Most of these substorm-related DEHs were observed near and outside the geosynchronous orbit [Cohen et al., 2019, Liu et al., 2019, Shukhtina et al., 1996]. DEHs were also observed in the region of L > 5 inside the geosynchronous orbit by the Arase satellite [Miyoshi et al., 2018]. However, there has been very limited discussion of these DEHs since the statistics cover only quiet conditions and a small number of events, and this electron dropout is not yet fully understood.
To investigate the characteristics of DEH, we conducted a statistical study by analyzing data obtained by the HEP and MEP-e instruments onboard the Arase satellite. We selected the DEH events that were observed simultaneously with the injection by inspecting the data during the periods when Arase observed the night side to the dawn side of the magnetosphere from 2017 to 2019. The resultant DEH events were mainly observed in the pre-midnight sector to the dawn side. We estimated the drift trajectories of electrons corresponding to energy-dispersed DEHs to identify their source region.
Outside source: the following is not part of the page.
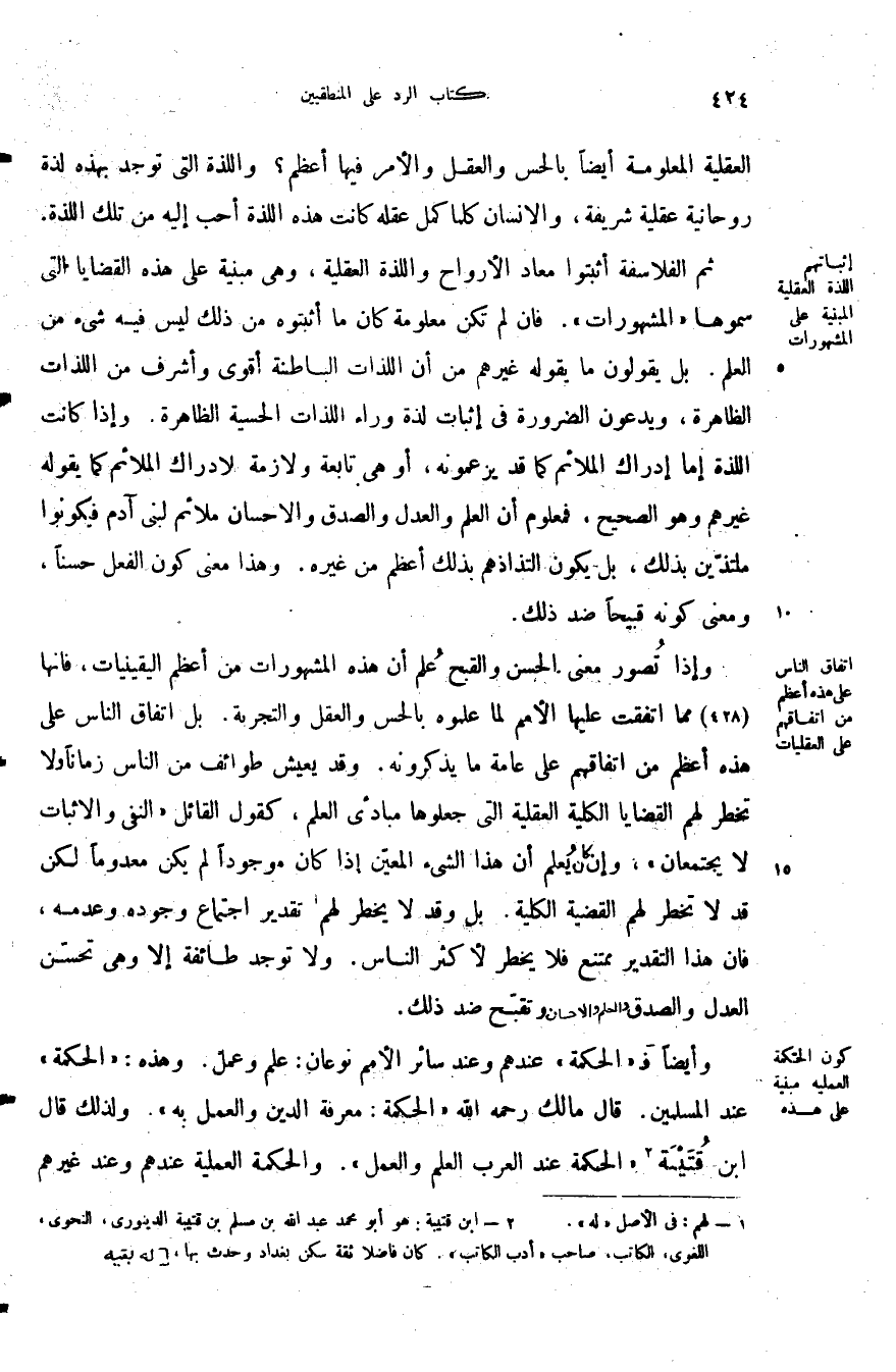 ثم الفلاسفة اثبتوا معاد الأرواح واللذة العقلية وهي مبنية على هذه القضايا التي سموها المشهورات فان لم تكن معلومة كان ما أثبتوه من ذلك ليس فيه شيء من العلم بل يقولون ما يقوله غيرهم من أن اللذات الباطنة أقوى واشرف من اللذات الظاهرة ويدعون الضرورة في إثبات لذة وراء اللذات الحسية الظاهرة وإذا كانت اللذة أما إدراك الملائم كما قد يزعمونه أو هي تابعة ولازمة للإدراك الملائم كما يقوله غيرهم وهو الصحيح فمعلوم أن العلم والعدل والصدق والإحسان ملائم لبني آدم فيكونوا ملتذين بذلك بل يكون التذاذهم بذلك أعظم من غيره وهذا معنى كون الفعل حسنا ومعنى كونه قبيحا ضد ذلك.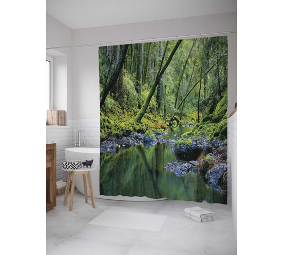 Штора (занавеска) для ванной JoyArty "Лесной берег" из сатена, 180х200 см с крючками, sc_8612

The source region of DEHs extends over 3-4 hours around local magnetic midnight, which distribution is similar to that of the injections simultaneously observed. This result is consistent with the model presented by Sergeev et al. [1992].
On the other hand, there are some events in which the source sectors of DEH and injection are different, even though they were observed simultaneously. The existence of such events suggests that DEHs may not be explained by a simple model assuming a single source region.